What is needed: Take the line that contains "DANIEL RUBINETTERIE Set" and every line below it to the end of the entries, and give them again exactly, leaving out any pictures.

Entries provided:
»»
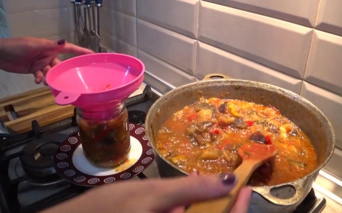 Полученный соус идет на заправку обжаренных баклажан, которые аккуратно перемешиваем. Все, закуска готова, можно заполнять ею простерилизованные банки. Заполненные емкости устанавливаем в большую кастрюлю, заполненную водой и стерилизуем таким образом на плите минут 40 примерно. Затем емкости можно закрывать прокипяченными крышками.
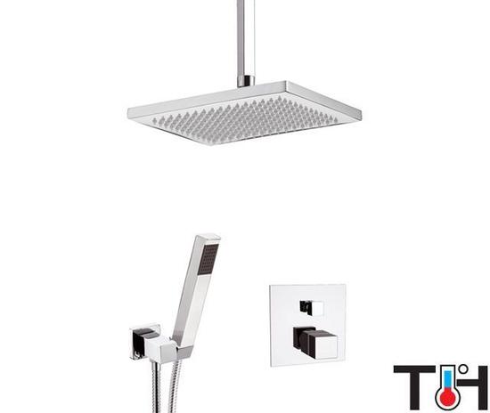 DANIEL RUBINETTERIE Set doccia composto da soffione a pioggia rettangolare con braccio a soffitto, doccetta ad 1 funzione con supporto/presa acqua snodato lusso quadrato, miscelatore incasso termostatico con deviatore. Tutto in ottone cromato.
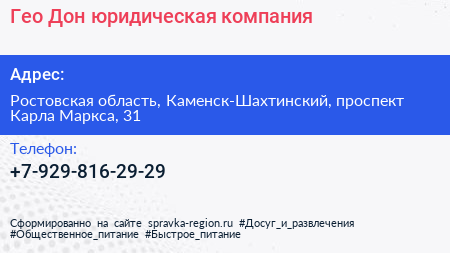 Гео-Дон, юридическая компания по адресу Ростовская область, Каменск-Шахтинский, проспект Карла Маркса, 31 в дальнейшем Организация, размещена в следующих категориях:
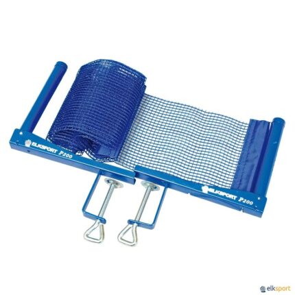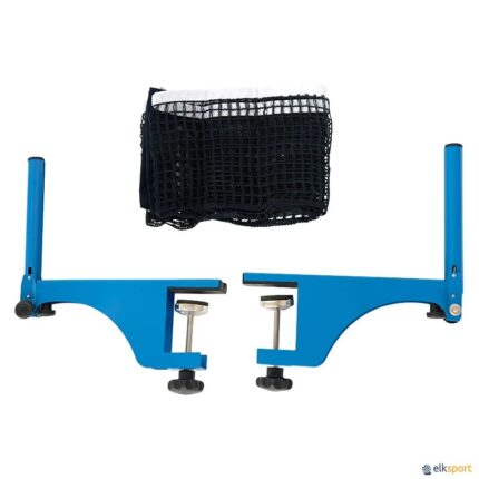 Conjunto de suporte metálico e rede regulamentar de algodão de alta qualidade para ténis de mesa. Compatível com tampos de mesa com espessura até 6 cm. Dimensões: 175 x 15 cm.
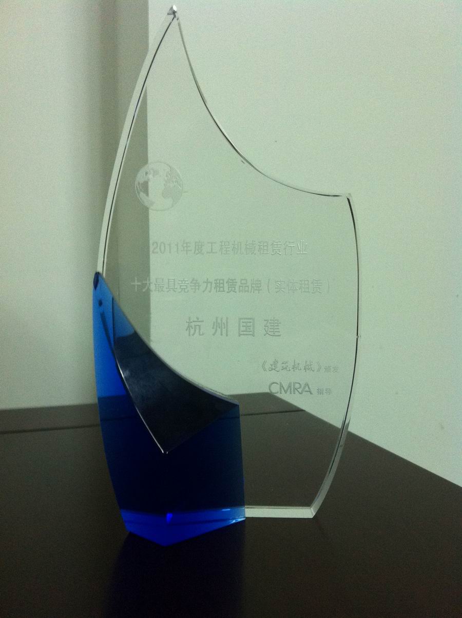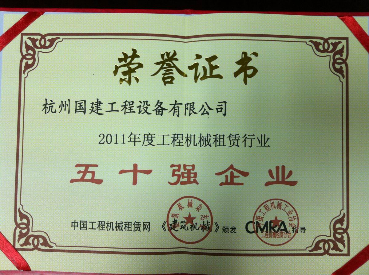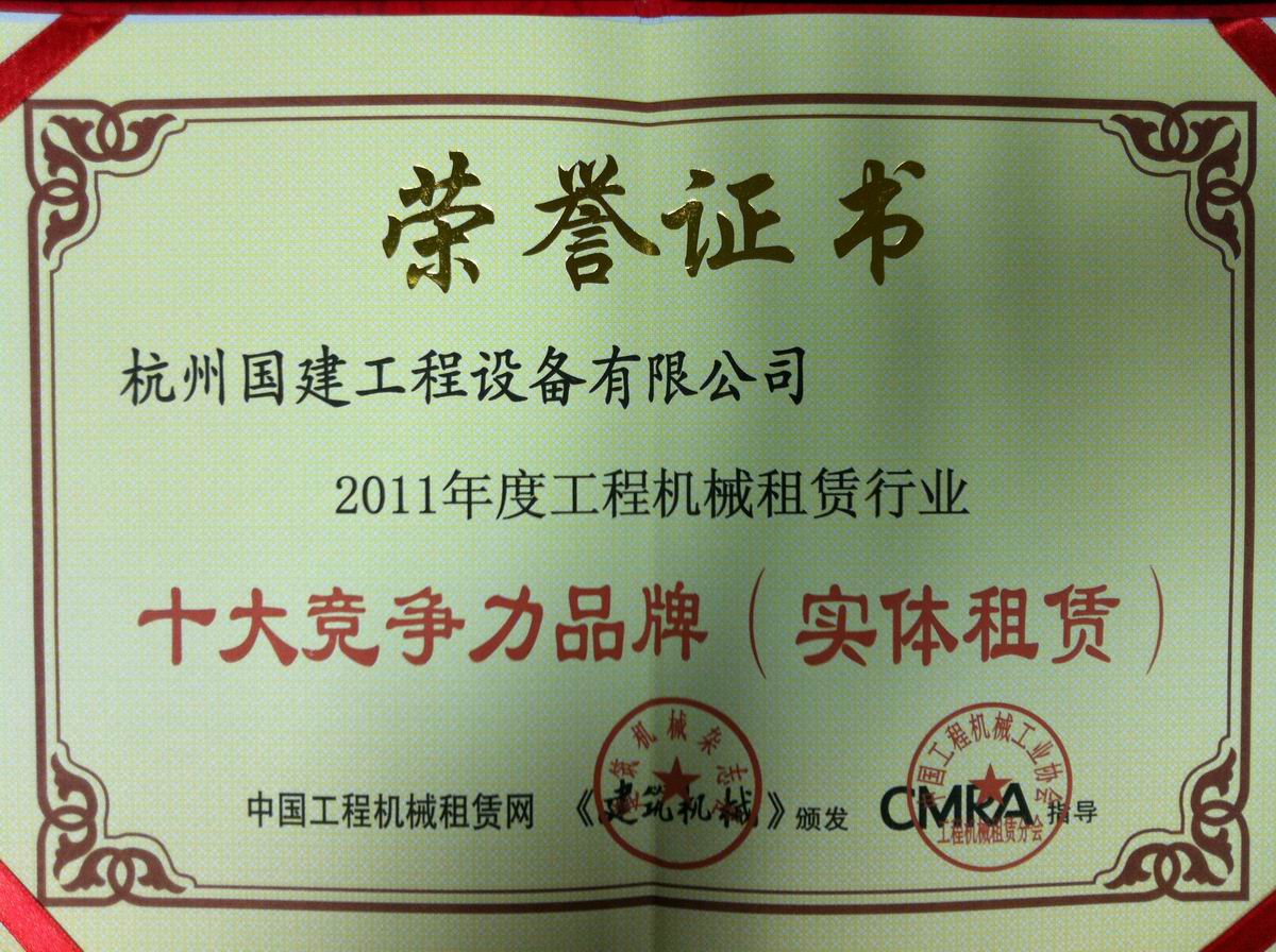 在租赁部工作人员的努力和公司其他部门的积极帮助下,经过了近半年多的评选,由中国工程机械工业协会工程机械租赁分会主办的中国工程机械租赁业颁奖庆典上,杭州国建工程设备有限公司荣获2011年度工程机械租赁行业“50强企业”和“十大最具竞争力租赁品牌”;
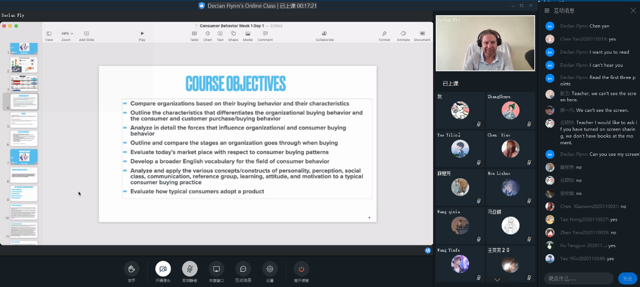 根据中外合作办学的要求,best365足球官网为2020级物流管理专业员工引进课程Consumer Behavior(《消费者行为学》)。此次线上授课的是Declan Flynn教授。
««
Result of the task:
 DANIEL RUBINETTERIE Set doccia composto da soffione a pioggia rettangolare con braccio a soffitto, doccetta ad 1 funzione con supporto/presa acqua snodato lusso quadrato, miscelatore incasso termostatico con deviatore. Tutto in ottone cromato.
 Гео-Дон, юридическая компания по адресу Ростовская область, Каменск-Шахтинский, проспект Карла Маркса, 31 в дальнейшем Организация, размещена в следующих категориях:
 Conjunto de suporte metálico e rede regulamentar de algodão de alta qualidade para ténis de mesa. Compatível com tampos de mesa com espessura até 6 cm. Dimensões: 175 x 15 cm.
 在租赁部工作人员的努力和公司其他部门的积极帮助下,经过了近半年多的评选,由中国工程机械工业协会工程机械租赁分会主办的中国工程机械租赁业颁奖庆典上,杭州国建工程设备有限公司荣获2011年度工程机械租赁行业“50强企业”和“十大最具竞争力租赁品牌”;
 根据中外合作办学的要求,best365足球官网为2020级物流管理专业员工引进课程Consumer Behavior(《消费者行为学》)。此次线上授课的是Declan Flynn教授。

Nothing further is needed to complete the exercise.